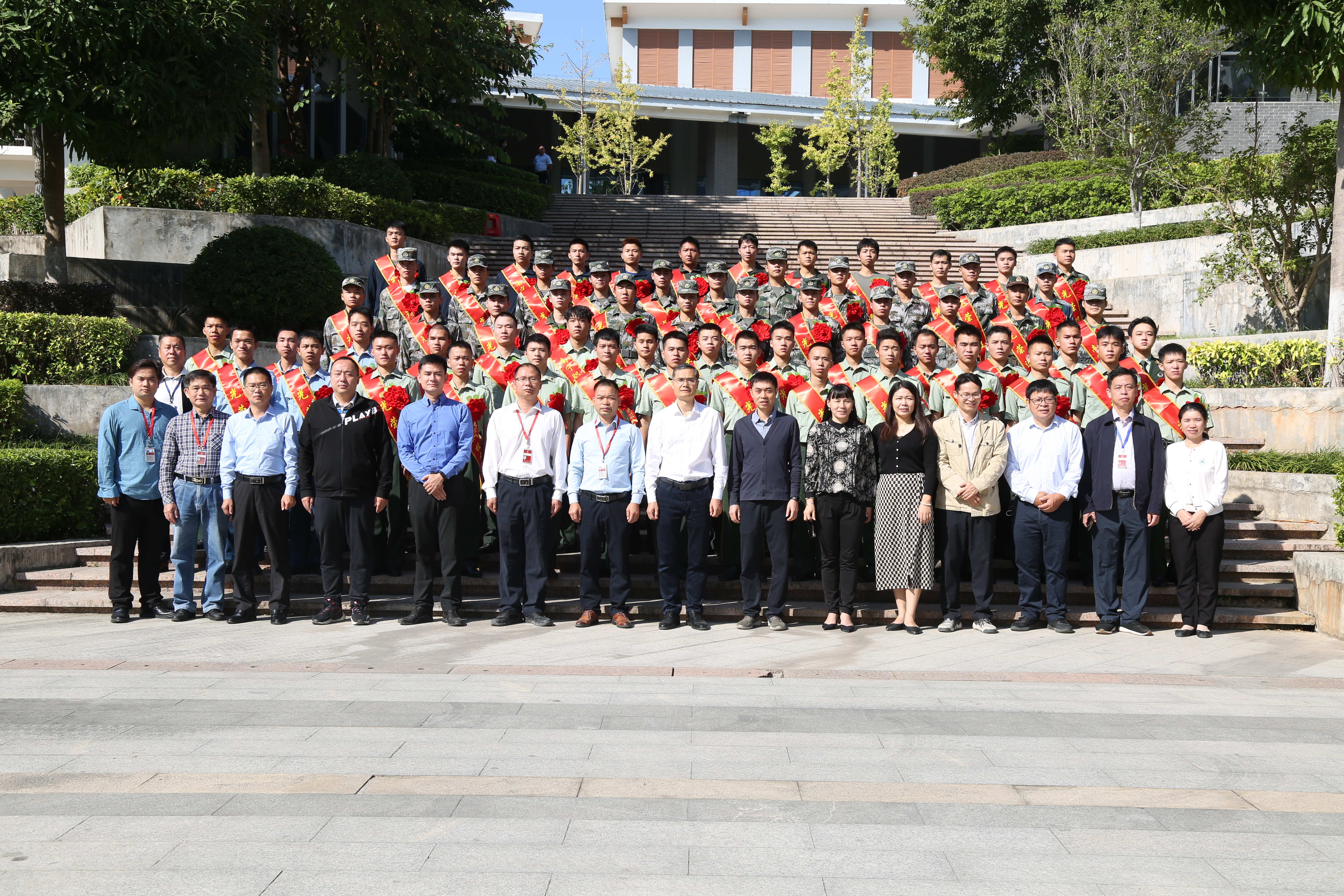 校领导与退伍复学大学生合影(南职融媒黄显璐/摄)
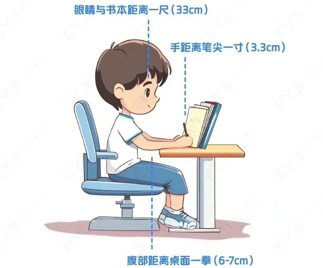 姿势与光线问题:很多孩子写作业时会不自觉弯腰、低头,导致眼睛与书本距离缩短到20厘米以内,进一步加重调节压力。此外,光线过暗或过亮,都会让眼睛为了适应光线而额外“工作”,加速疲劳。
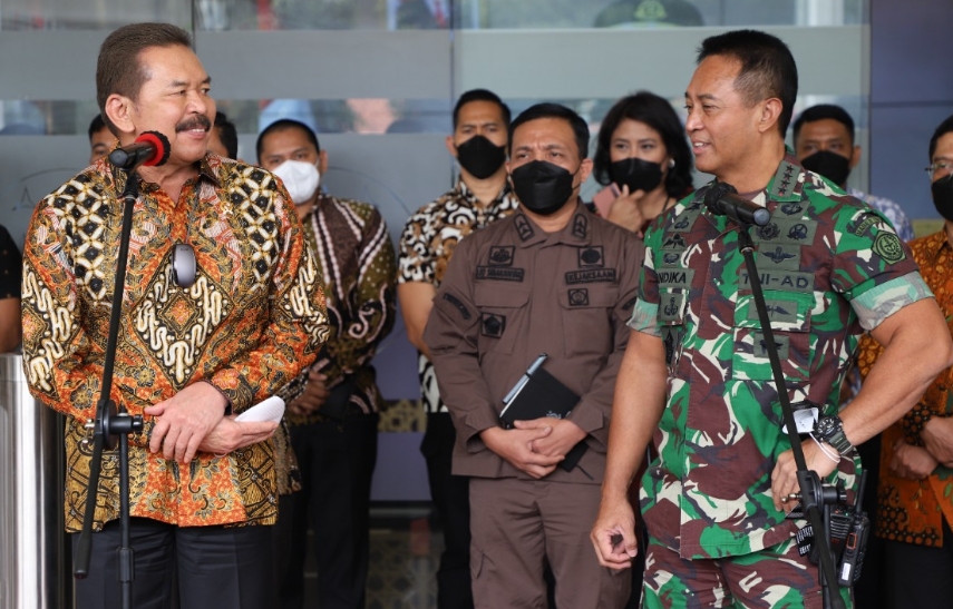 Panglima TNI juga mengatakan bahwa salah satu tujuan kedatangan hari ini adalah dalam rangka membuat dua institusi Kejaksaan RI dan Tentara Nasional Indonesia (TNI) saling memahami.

**WHAT IS NEEDED:** Output exactly the lines from the one that has "姿势与光线问题:很多孩子写作" through the end of the data. Do not include pictures.

**RESPONSE BELOW:**
 姿势与光线问题:很多孩子写作业时会不自觉弯腰、低头,导致眼睛与书本距离缩短到20厘米以内,进一步加重调节压力。此外,光线过暗或过亮,都会让眼睛为了适应光线而额外“工作”,加速疲劳。
 Panglima TNI juga mengatakan bahwa salah satu tujuan kedatangan hari ini adalah dalam rangka membuat dua institusi Kejaksaan RI dan Tentara Nasional Indonesia (TNI) saling memahami.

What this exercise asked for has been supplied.